Fors urges presenters to do their research in small groups. He says most presentations at Intel begin with an informal ritual called a "walkabout." The speaker arrives early to collar members of the audience in the meeting room, a hallway, even nearby cafeterias. The presenter describes the core message, finds out what else people need to hear, and probes for objections. "Walkabouts seem like informal one-on-ones," says Fors, "but they're really mini-presentations. You don't make a presentation cold at Intel. It's part of our culture to be critical, even cynical. This lets you get ready for any concerns people might have."

3. First (and last) impressions are everything.

Every presentation guru makes the same point: the two most important parts of your presentation are the first 30 and the last 15 seconds. Everything else is, no matter how substantive, is utterly forgettable if the presentation starts or ends badly. "People make a decision in the first 30 seconds about whether they're going to listen to you," says Cecilia Macdonald, who teaches executives at AT&T, Bank of America, Hewlett-Packard, and other companies.

Warning: capturing your audience's attention up front does not mean telling a joke or entertaining them.
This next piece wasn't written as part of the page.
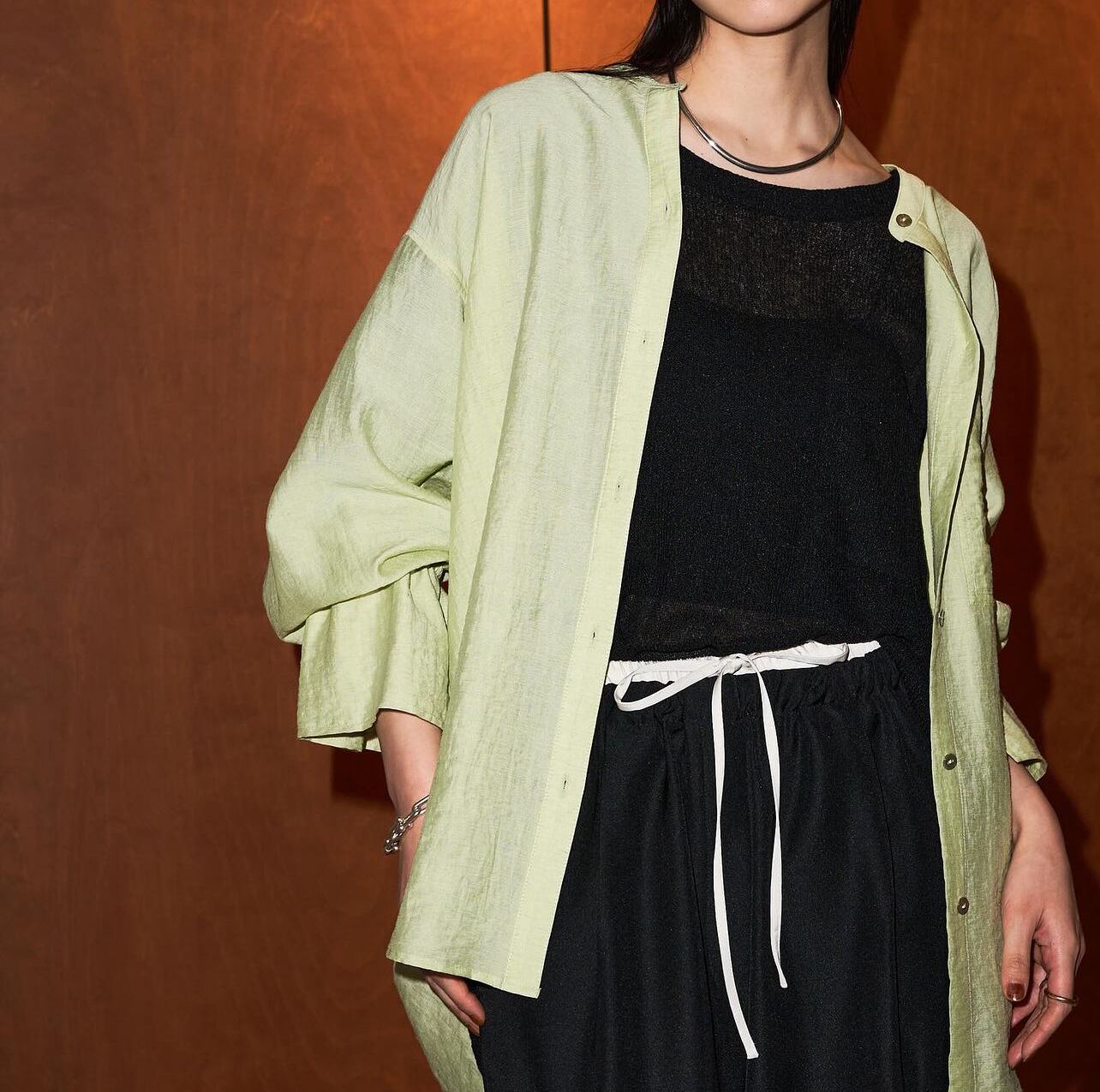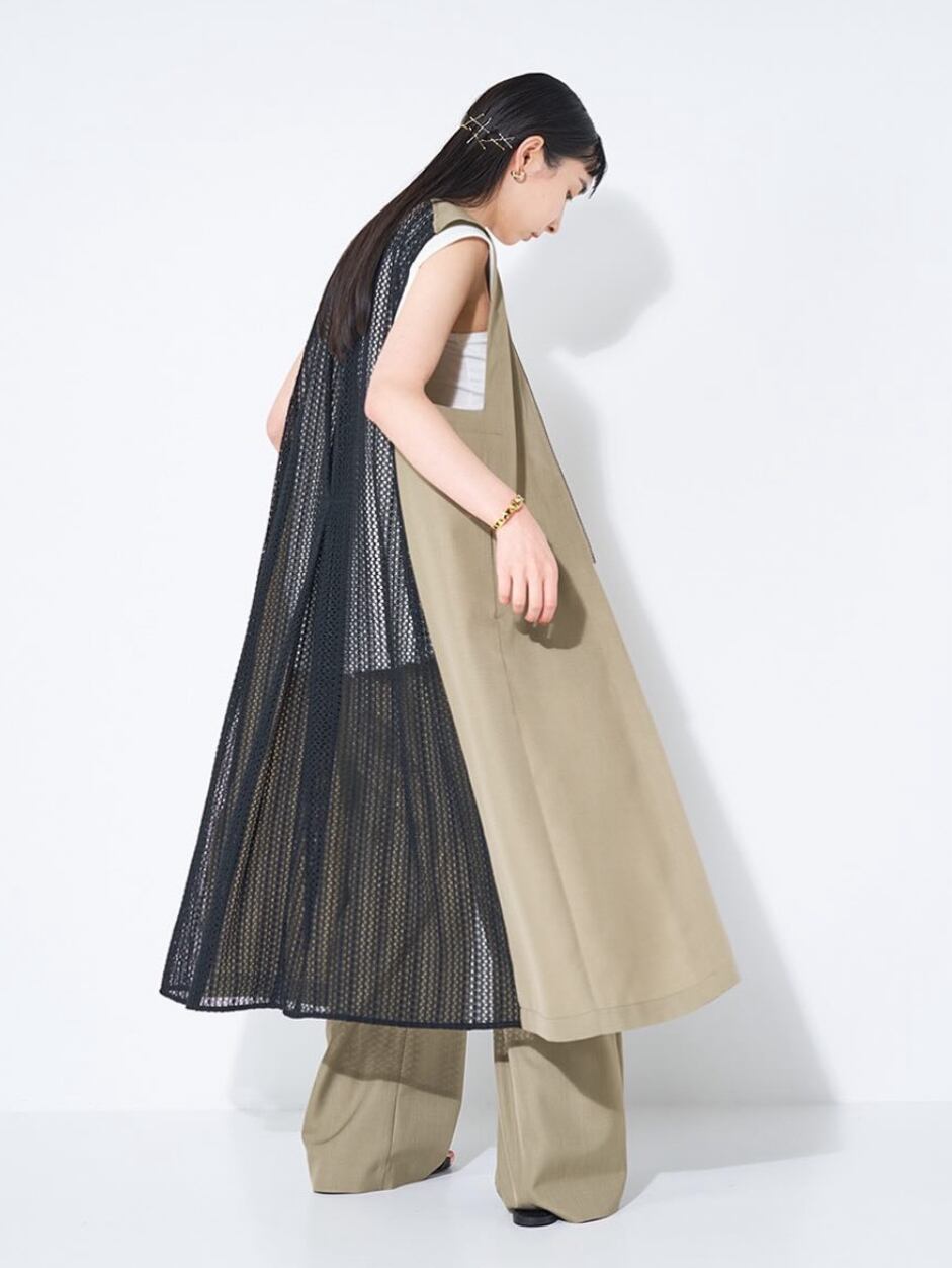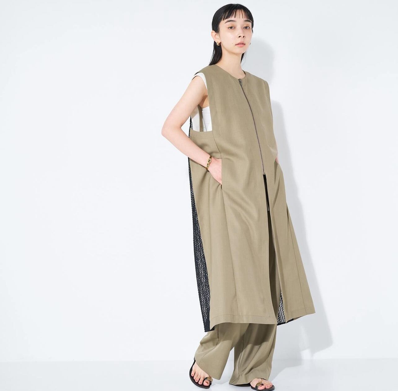 同素材のリネン調合繊を使ったジレも展開しておりセットアップとしてもおすすめのスタイリングになります。

Macdonald learned this lesson the hard way when she delivered a presentation on how to manage time more effectively. She wanted to do something different -- to grab people's attention -- so she began her talk with a skit. She pretended to be disorganized by fumbling with her papers and looking generally disheveled. It worked too well. "It destroyed my credibility," she says. "Some people thought it was funny, but most just thought I was disorganized. I've never done another skit."

A powerful close, Macdonald says, leaves the audience with something of value and relates directly to the opening. "If you opened with a story, complete the story at the close," she says. "If you opened with a statistic or quote, restate it at the end. People should walk away with something specific in mind."

A final point on which the experts agree, and which almost no one follows, is that presenters should always finish early. It creates positive feelings in the audience that can influence how people feel about your message.

4. Simpler is better.

Maybe it's our talk-show society. Maybe it's the allure of multimedia technology. Whatever the cause, too many presentations are too long, too slick, and too convoluted. Rae Gorin Cook recently asked top executives at six large companies how people could present more effectively to them. The response was overwhelming: Make your presentations shorter and more candid.

According to Cook, the twin virtues of simplicity and candor should influence every aspect of a presentation. "The most memorable slides are the simplest," she argues. "Most executives find jazzy slides suspect. 'Why are you screwing around making overheads with five colors when you should be making better products?.'"

And don't try to spare people's feelings by being nice, she adds, just tell it like it is: "'Nice' people are being run over," Cook warns. "A younger generation is getting to the point and telling the truth in a straightforward way. Thirty-minute presentations are being cut back to ten-minute briefings to vice presidents or the CEO. Senior people don't have time to learn about your topic. They just want to know how they can help you."